Global pollinator declines threaten the sexual reproduction of an estimated 90% of flowering plant species and 70% of crop species (Klein et al. 2007; Kearns et al. 1998; Potts et al. 2010; Ashman 2004). In species that require or benefit from animal-mediated pollination, these declines can result in pollen limitation and seed limitation that have demographic consequences on plant reproduction (Knight et al. 2005; Young et al. 2005; Aguilar et al. 2006) and threaten food security, ecosystem stability and the provision of valuable ecosystem services (Allen-Wardell et al. 1998; Potts et al. 2010). The rapid decline of European honeybee (Apis mellifera) colonies, the primary agricultural pollinators, from Colony Collapse Disorder threatens to drastically impact food production and has intensified the need to seek alternate pollinators, such as native bees (Winfree et al. 2007). However, native pollinators are also declining (Biesmeijer et al. 2006), placing even greater need on understanding and conserving this crucial ecosystem service.
Although conserving pollinators has become a major area of research, especially in agricultural areas, one major limitation is a lack of specific information on pollinator needs and preferences.
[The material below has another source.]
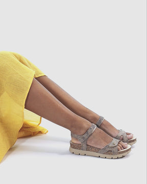 Sandalia de mujer plana. Piel Napa Natural. Cierre de velcro. Forro interior de Piel. Plantilla anatómica. Suela de corcho y EVA, ligero, flexible y resistente. Altura tacón: 4.5 cm. 100% Hecho en España.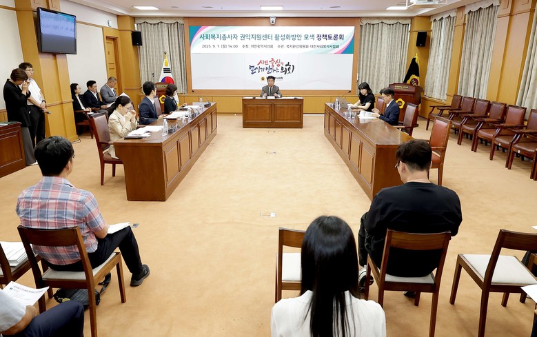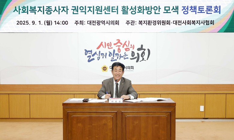 좌장을 맡은 이효성 의원은 마무리 발언을 통해 “사회복지 현장의 최일선에서 시민의 삶을 지탱하는 사회복지 종사자들의 권익이 제대로 보장되지 않는다면, 결국 대전 시민이 받는 복지서비스의 질도 위협받게 된다”며, “의회 차원에서 사회복지 종사자의 권익 보호를 위한 제도적 기반 마련에 적극적으로 앞장서겠다”고 지원 의지를 밝혔다.

Using Bombus vosnesenskii as a model species, we determined plant preferences in natural environments and identified characteristics of plants that influence preference.
1) Quantify the available pollen resources in grassland sites.
2) Identify pollen sources chosen by bumble bees.
3) Evaluate the characteristics of the plants chosen by bumble bees.
4) Identify the native plants that are essential to bumble bees throughout their life cycle.
5) Quantify changes in bumble bee abundance after improving hedgerows.
6) Provide information to farmers, researchers and societies to improve conservation, pollination and restoration efforts, especially oriented toward these important agricultural pollinators, bumble bees.